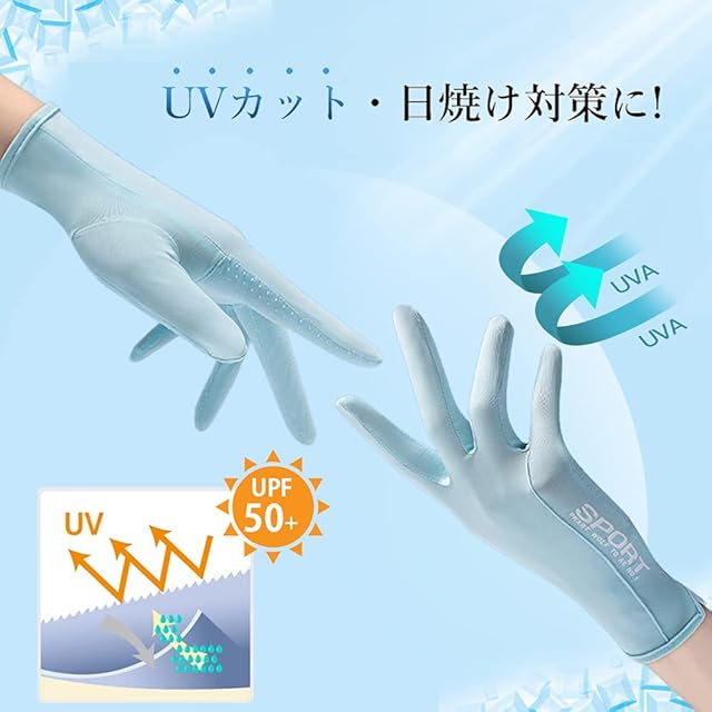 【夏にうれしい冷感素材】冷感素材を採用して、水や汗で濡れると気化熱の作用により冷却効果があり、タッチすると涼しい感じがします。春夏にピッタリのUVカット手袋です。 吸湿性、放湿性も優れているので、蒸れなくサラサラとしたつけ心地で夏でも快適ご使用いただけます。
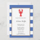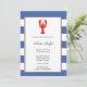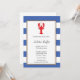 En röd hummer på en blått görar randig gränsen. Ge alla dina gäster en ljus och vänlig påminnelse om din kommande havs- middag med denna vibrerande hummerinbjudan.
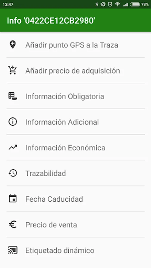 The system configuration will they incorporate many fields of information so that all participants in the chain of production and distribution who wish to provide information: dates, dates of consumption; type of fertilizers used in the case of agricultural products; or ingredients, additives or allergies in the case of manufactured products. In short, all kinds of additional information and / or replacement desired by the supplier / distributor, who can provide an added value to your product. This information may be accessible by the end user from NFC technology.
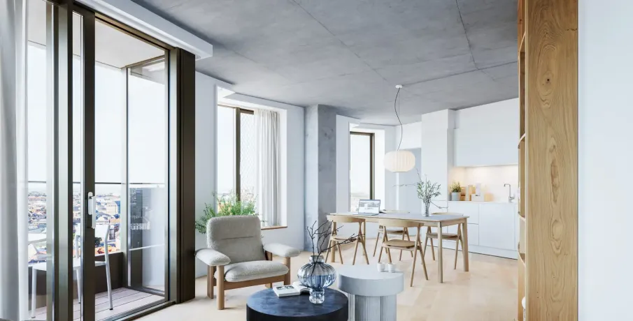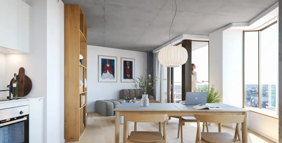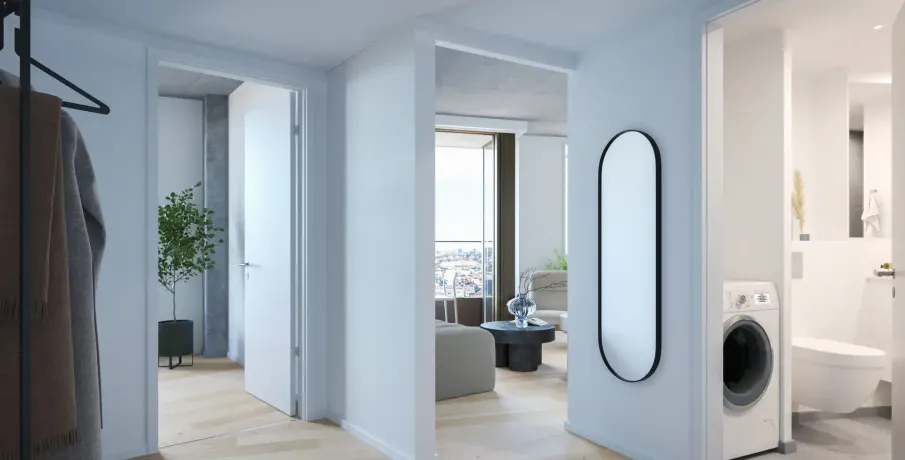 . Postbyens markante silhuet med sine fire runde tårne er allerede blevet et nyt vartegn for den centrale del af København. I to af tårnene indrettes der 160 moderne lejeboliger, som nu udbydes til udlejning med indflytning i februar 2026. Lejlighederne varierer i størrelse fra to til syv værelser og er alle udstyret med altan med udsigt til byens liv og Postbyens grønne oaser.. I Postbyen bor du i et helt nyt levende bykvarter med hoteller, butikker, restauranter, caféer, og meget mere. Dit nye hjem ligger omgivet af smuk arkitektur, og nedenfor din hoveddør ligger byparken, der grønt og frodigt snor sig gennem Postbyen.. Uanset om du lejer en 2-værelses eller en 7-værelses bolig i Postbyen, kommer du til at leve i et unikt og utraditionelt hjem, der byder på alt andet end kvadratiske rum. De cirkelrunde boligtårne skaber nemlig vinkler, snit og hjørner, hvor man hver dag kan glædes over at bo i et hjem, hvor vægge, gulve og lofter ikke følger den traditionelle vinkeltrekant.. Træd ind i et hjem, hvor æstetik og funktionalitet går hånd i hånd. Alle lejligheder i Postbyen er gennemtænkt ned til mindste detalje med materialer, der emmer af varme og elegance. De lyse lamelplankegulve i natureg med gulvvarme løber i et ubrudt flow gennem rummene og binder boligen harmonisk sammen.. Med lofter og søjler i beton opstår der en spændende og rå kontrast mellem det varme træ og den karakteristiske betonstruktur og tilfører boligen kant og karakter.. Køkkenalrummet har direkte adgang til altanen, hvor dagslyset strømmer ind.. Her møder strømlinet design fra Invita og corianbordplader de nyeste hårde hvidevarer i høj kvalitet. Det enkle design skaber en rolig og stilfuld ramme, hvor udsigten får lov at stjæle opmærksomheden.. Badeværelserne viderefører den enkle og eksklusive stil med smukke grå fliser, væghængte toiletter og en atmosfære af diskret luksus.. Som en gennemtænkt detalje er alle indvendige døre udført som indbyggede skydedøre, der både er pladsbesparende og giver et enkelt udtryk mellem rummenes indbyrdes forhold.. Øverst oppe i det lave boligtårn er der skabt rum for et imponerende fællesrum, hvor du som lejer kan booke dig ind til at afholde arrangementer, fødselsdage eller barnedåben.. Det er ligeledes muligt at leje parkeringsplads i kælderen.. Bemærk at billederne nødvendigvis ikke stammer fra den konkrete bolig, men kan være fra andre lejligheder i komplekset..
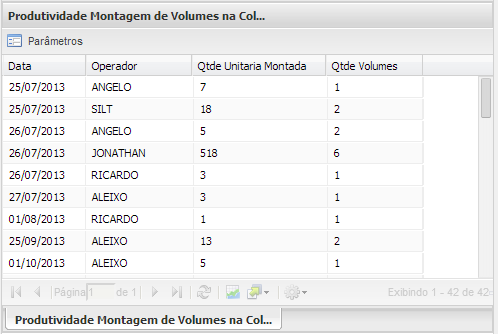 A tela de relatório de Produtividade Montagem de Volumes na Colmeia exibirá diversas colunas, com a possibilidade de elaborar diversos filtros, importar arquivos para o excel, agrupar campo, habilitar ou desabilitar colunas.
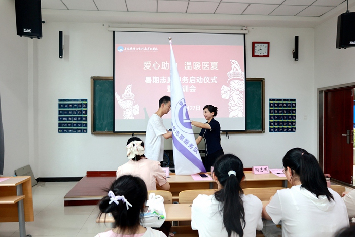 6月27日上午,附属巢湖医院“爱心助力 温暖医夏”暑期志愿服务启动仪式暨培训会举行。60余名暑期志愿者参加会议,院党委副书记余皖婉为志愿者代表授旗。
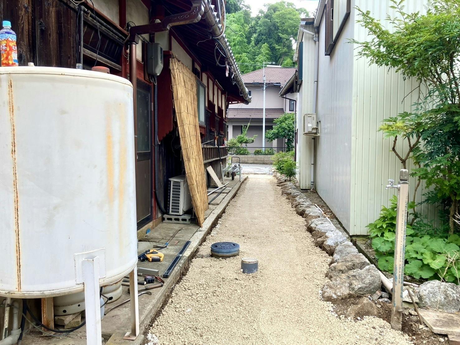 工房前のアプローチ部分の工事がだいぶ進み、わずか1週間でガラッと風景が変わりました。

* _ABOUT THIS TASK_:
Once you have returned the line containing "The system configuration", stop; begin at the first line of the material, keep each line exact, and skip the pictures.

* _SOLUTION TO THE PROBLEM_:
 【夏にうれしい冷感素材】冷感素材を採用して、水や汗で濡れると気化熱の作用により冷却効果があり、タッチすると涼しい感じがします。春夏にピッタリのUVカット手袋です。 吸湿性、放湿性も優れているので、蒸れなくサラサラとしたつけ心地で夏でも快適ご使用いただけます。
 En röd hummer på en blått görar randig gränsen. Ge alla dina gäster en ljus och vänlig påminnelse om din kommande havs- middag med denna vibrerande hummerinbjudan.
 The system configuration will they incorporate many fields of information so that all participants in the chain of production and distribution who wish to provide information: dates, dates of consumption; type of fertilizers used in the case of agricultural products; or ingredients, additives or allergies in the case of manufactured products. In short, all kinds of additional information and / or replacement desired by the supplier / distributor, who can provide an added value to your product. This information may be accessible by the end user from NFC technology.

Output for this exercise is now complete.